MV Werften to Use Siemens Onshore Power Supply System in Cruise Shipbuilding

Cruise ShipIllustration. Global Class ship. Image Courtesy: MV Werften

German-based technology company Siemens has received an order from compatriot shipbuilder MV Werften Wismar to supply and install turnkey Siharbor onshore power supplies.

As informed, the onshore power supply system will be used to build Global Class cruise ships – the largest cruise ships ever built in Germany.

Measuring 340 meters in length and providing space for more than 5,000 passengers, these vessels are among the world’s largest cruise ships, and great amounts of energy are needed for their construction. An onshore power supply with a capacity of up to 12 MVA provides this energy simultaneously in dock and on the quay.

The order covers all the necessary components for powering the ships as well as the grid connection. It includes the complete substation, transformers, and medium-voltage switchgear. Siemens will also be responsible for service for a period of five years. The systems are expected to go into operation in the spring of 2019.

“We’re using the Siharbor solution for the first time in an environment other than right in port and are implementing a parallel power supply,” Axel Mohr, head of sales of the Siemens Energy Management Division for industry and infrastructure customers, Region North, said.

“We’re proud of this opportunity to do our part in making shipbuilding greener,” Mohr added.

The shipbuilder began to manufacture Global Class cruise ships earlier this year. These vessels were designed for the rapidly growing Asian cruise market.

In the past, external diesel generators were used during the first phase of construction. The generators produced energy at 60 Hz on land and transferred it to the ship. If the ship was provided with its own generator during the next phase, the latter supplied energy during the remaining fit out phase. The new onshore power supply can handle both steps simultaneously in dock and on the quay. The diesel generators can, therefore, remain shut down shoreside as well as on board of the ship under construction.

Unlike the German 50 Hz power grid, ships have an onboard electrical system with a frequency of 60 Hz. The 20 kV/50 Hz voltage supplied from the public grid is converted to the required voltage and frequency in the transformer substation. This frequency is 60 Hz during the first phase of shipbuilding and 440/60 Hz in the later production phase.

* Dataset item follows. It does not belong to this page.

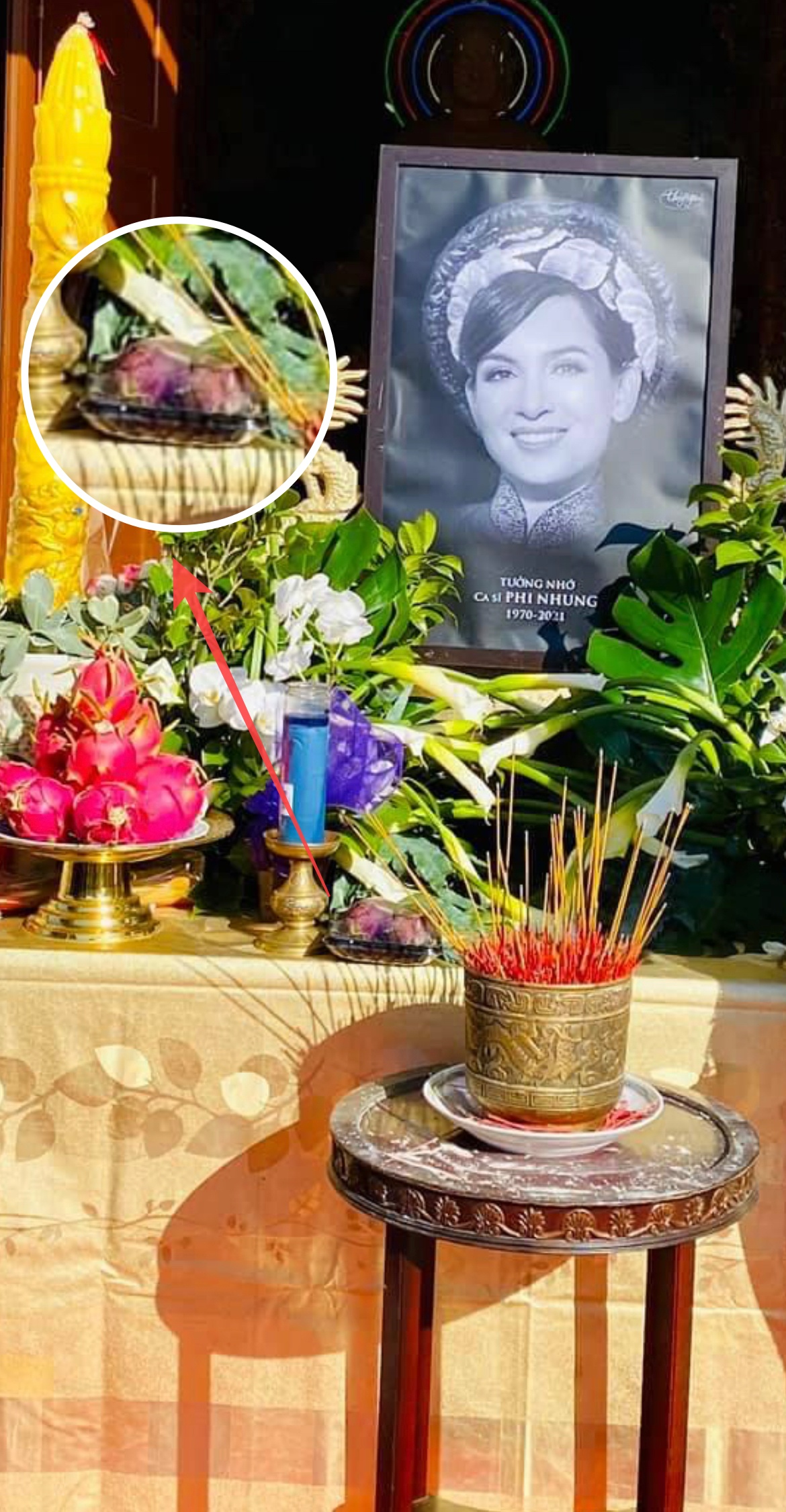 Tại bàn thờ cố ca sĩ Phi Nhung đặt tại chùa trong tang lễ hôm 12/10 xuất hiện hình ảnh 1 dĩa khoai lang gây xúc động

The combustion of ship fuels during lay time and construction is one of the main sources of air pollution in the areas around ports and wharves. Onshore power supplies contribute to improving air quality and enable significant savings potential when it comes to nitrogen oxide and sulfur oxide emissions, fine dust, and carbon dioxide emissions. An onshore power supply is also much quieter than a diesel generator, as explained by Siemens.